Choose Your Dataset Type

SINGLE_FILE: One file containing multiple records
  • Example: customers.csv with 100 customer records
MULTI_FILE: Multiple independent files
  • Example: 50 customer review text files
MULTI_FOLDER: Multiple folders, each containing related files
  • Example: Patient records where each folder = one patient
Not sure which type?
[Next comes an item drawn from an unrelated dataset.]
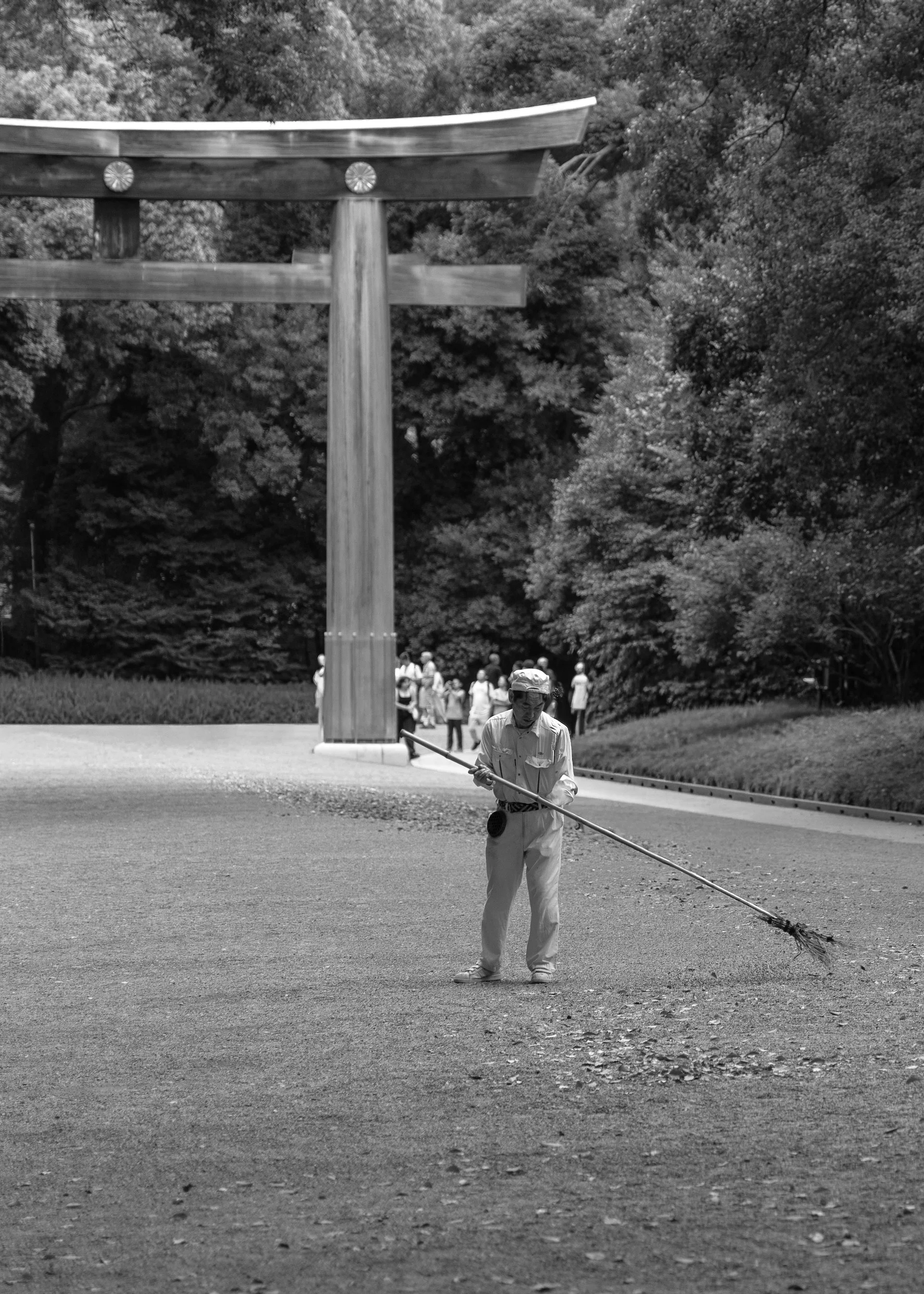 As we were leaving through the last torii gate was this amazing scene. This man was sweeping leaves off the path using a traditional hand-tied broom.

See the Datasets guide for detailed comparison.

File Requirements

Ensure your files meet these requirements:
  • Encoding: UTF-8
  • Size: < 100 MB per file
  • Format: Valid file format (no corruption)
  • Naming: Use alphanumeric characters and underscores

Step 2: Create a Single-File Dataset

Via API

curl -X POST 'https://df-api.dataframer.ai/api/dataframer/datasets/create/' \
  -H 'Authorization: Bearer YOUR_API_KEY' \
  -F 'name=Customer Database' \
  -F 'dataset_type=SINGLE_FILE' \
  -F 'description=Main customer database export' \
  -F '[email protected]'
Response:
{
  "id": "550e8400-e29b-41d4-a716-446655440000",
  "name": "Customer Database",
  "dataset_type": "SINGLE_FILE",
  "description": "Main customer database export",
  "created_at": "2025-11-26T10:00:00Z",
  "file_count": 1
}

Via Python

from dataframer import Dataframer

# Initialize client (reads DATAFRAMER_API_KEY from environment)
# Or explicitly: client = Dataframer(api_key="your_api_key")
client = Dataframer()

# Create dataset with file
dataset = client.dataframer.datasets.create_with_files(
    name="Customer Database",
    dataset_type="SINGLE_FILE",
    description="Main customer database export",
    file=open("customers.csv", "rb")
)

print(f"Created dataset: {dataset.id}")
  1. Log in to https://app.aimon.ai
  2. Navigate to DatasetsCreate New
  3. Enter dataset name: “Customer Database”
  4. Select type: Single File
  5. Add description (optional)
  6. Click Choose File and select customers.csv
  7. Click Create Dataset

Step 3: Create a Multi-File Dataset

When you have multiple independent files:
curl -X POST 'https://df-api.dataframer.ai/api/dataframer/datasets/create/' \
  -H 'Authorization: Bearer YOUR_API_KEY' \
  -F 'name=Customer Reviews' \
  -F 'dataset_type=MULTI_FILE' \
  -F 'description=Product review collection' \
  -F '[email protected]' \
  -F '[email protected]' \
  -F '[email protected]' \
  -F '[email protected]' \
  -F '[email protected]'

Python Example

from pathlib import Path
from dataframer import Dataframer

# Initialize client (reads DATAFRAMER_API_KEY from environment)
# Or explicitly: client = Dataframer(api_key="your_api_key")
client = Dataframer()

# Prepare files
review_files = list(Path("./reviews").glob("*.txt"))
files = [open(f, "rb") for f in review_files]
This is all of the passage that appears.